The recent landing failure of the European Space Agency’s test mission Schiaparelli, has put in to political question a follow on mission in 2020 of the ESA EXOMars rover. This mission, has a site selection already decided, which does not correlate with the known “hotspot” regions. Therefore it is felt that a future NASA or even privately funded mission, such as those planned by SpaceX may be the best hope for a ground based accurate in-situ detection and possible imaging or drilling and core sampling, to determine the answer to, what could be humankind’s greatest question “Does life exist elsewhere in our solar system?” Bring on MEDIAN – Methane Detection by In-Situ Analysis with NanoLanders
In a joint project being developed by an undergraduate student at the University of Central Lancashire and the Australian project team, Thunderstruck Aerospace, the second phase of an audacious Mars small scale landing support system is now progressing. Phase one was a proof of concept that the detection of trace gases on the surface was possible.
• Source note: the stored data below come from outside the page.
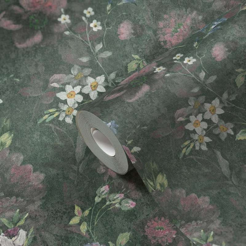 Laat je betoveren door de tederheid van dit adembenemende behang. De delicate bloemen in crème en roze stralen een gevoel van zachtheid en verfijning uit, terwijl de groene achtergrond een vleugje frisheid en vitaliteit toevoegt. Het behang is als een schilderij dat tot leven komt, een kunstwerk dat je interieur verlevendigt en een gevoel van vreugde brengt.
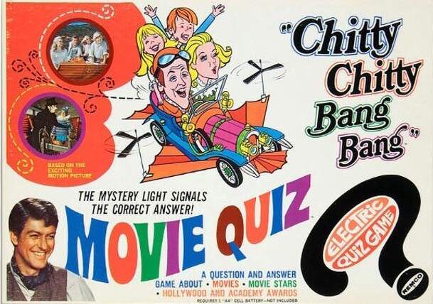 This 1968 card game is visually a spin-off from the hit movie, but the mechanism is essentially the same as Crazy Eights. This deck has 44 cards in four suits, each numbering 1 to 11. Each number has an illustration of a character, with the 8s being Chitty Chitty Bang Bang the car. Each player is dealt a hand of five cards. The rest are face down as a draw...
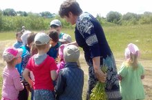 Воспитаниики вместе со взрослыми отправились на экскурсию к местному водоему. Воспитатель просит детей обратить внимание на окружающую обстановку: как и куда идет дорога, куда она поворачивает, что расположено вдоль дороги. Привлекает внимание дошкольников к красоте летней природы. Дети остановились за несколько метров до водоема, полюбовались им издали. Возле воды приятно отдыхать - свежий воздух, легко дышится, глазам приятно смотрть на зелень и воду. Затем воспитатель показывает на знак возле водоема "Купаться запрещено!". Дети всомнили все правила и телефон службы спасения.
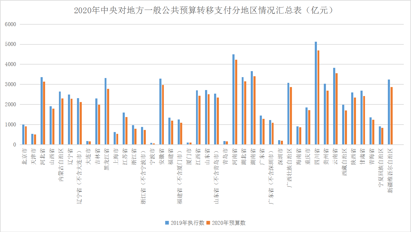 2020年中央对地方转移支付预算数为83915亿元,加上使用以前年度结转资金1121.33亿元,2020年中央对地方转移支付支出为85036.33亿元。
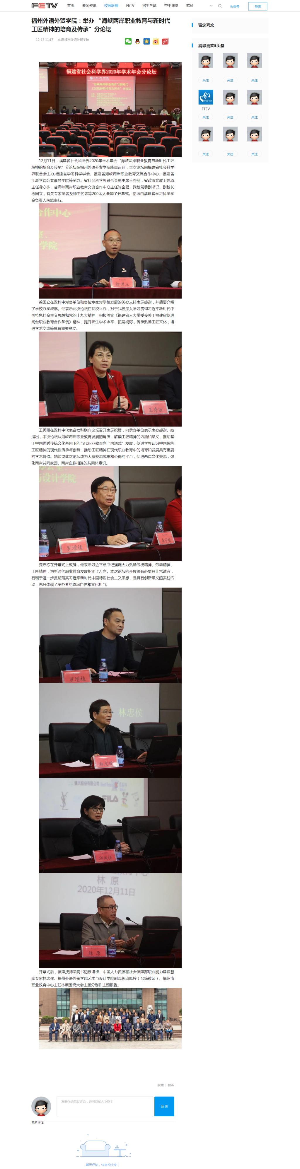 福建教育频道报道:福州外语外贸学院:举办 “海峡两岸职业教育与新时代工匠精神的培育及传承”分论坛

Experiments conducted on an OEWF and RAS funded project in 2013 in the Moroccan desert, showed the viability of a series of small scale landers, and their capability to assist in the direction of a larger scale rover to a promising hotspot.
The aim of this joint Anglo/Australian team is to create a working prototype of the actual Mars nano-landing system, with drop tests and research being conducted in the Australian outback by the Thunderstruck team using the models developed by the University of Central Lancashire in the United Kingdom.
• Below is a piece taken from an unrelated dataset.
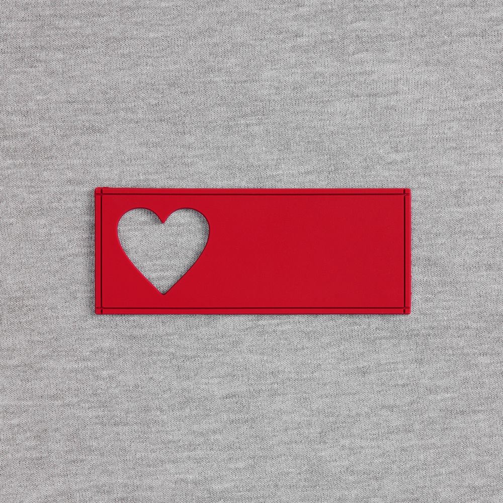 - сделать нанесение на изделии, поверх которого нашить лейбл так, чтобы вырубка стала частью целостного и уникального дизайна.

The lander, measuring 2 metres in size, and weighing under 10kg, will be capable of carrying out in-situ analysis on the Martian surface, to determine the sites at which methane exists in the greatest quantities, at sub metre resolution level, and determine the quantity of methane being emitted at each of a number of sites in parts per billion/million.
The aim of this is to then, using up to ten of these landers, fitted in to the heatshield of the main spacecraft, and deployed after entry interface in to the Martian atmosphere, to drop to the surface as high velocity penetrators, and once in-situ, “guide” a larger rover to the highest concentration point, thus dramatically cutting the time spent by the rover searching, before reaching the optimal hotspot region.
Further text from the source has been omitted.